Abstract

http://ssrn.com/abstract=2195787
 


 



Harvesting New Conceptions of Equality: Opportunity, Results, and Neutrality


Cedric Merlin Powell


University of Louisville - Louis D. Brandeis School of Law

October 2, 2012

St. Louis University Public Law Review, Vol. 31, No. 2, 2011-2012
University of Louisville School of Law Legal Studies Research Paper Series No. 2013-02

Abstract:     
My article, Harvesting New Conceptions of Equality: Opportunity, Results, and Neutrality, offers a comprehensive critique of the Roberts Court’s two seminal race cases: Parents Involved in Community Schools and Ricci v. DeStefano. This is a critical period in the Court’s history; there is a doctrinal shift from the Rehnquist Court’s colorblind constitutionalism to the Roberts Court’s post-racial universalism. The Fourteenth Amendment and Title VII have been inverted: under the Fourteenth Amendment, whites are the new discrete and insular minority to be protected from a result-oriented “racial” process; and, under Title VII, disparate impact is irrelevant in the absence of a “strong basis in evidence” to believe that there will be liability. In a very direct way, the Court’s race jurisprudence privileges reverse discrimination suits.

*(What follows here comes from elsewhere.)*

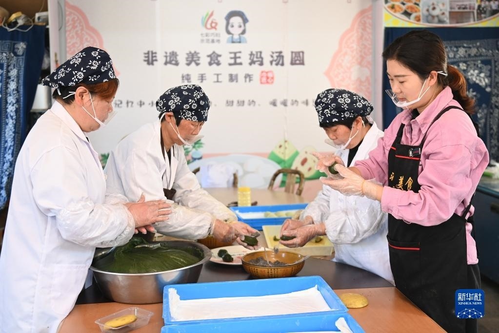 在浙江寧波奉化區(qū)西塢街道廟后周村,毛美兒(右一)與村民一同制作青團(tuán)(3月8日攝)。自2015年創(chuàng)業(yè)起,“王媽湯圓”負(fù)責(zé)人毛美兒將制作本地非遺美食的技藝傳授給當(dāng)?shù)貗D女,已帶動60余位農(nóng)村婦女制作、銷售美食,共同增收致富。新華社記者 黃宗治 攝

To advance the critique of the Court’s doctrinal posture, this Article argues that the neutral rhetoric of opportunity pervades the Court’s analysis under the Fourteenth Amendment and Title VII because it is concerned with liberal individualism, not substantive equality. In Parents Involved, Brown is reinterpreted so that the central tenet of the Fourteenth Amendment, the anti-subjugation principle, is replaced with a right to individualized school choice which cannot be burdened by a voluntary attempt to maintain integrated schools.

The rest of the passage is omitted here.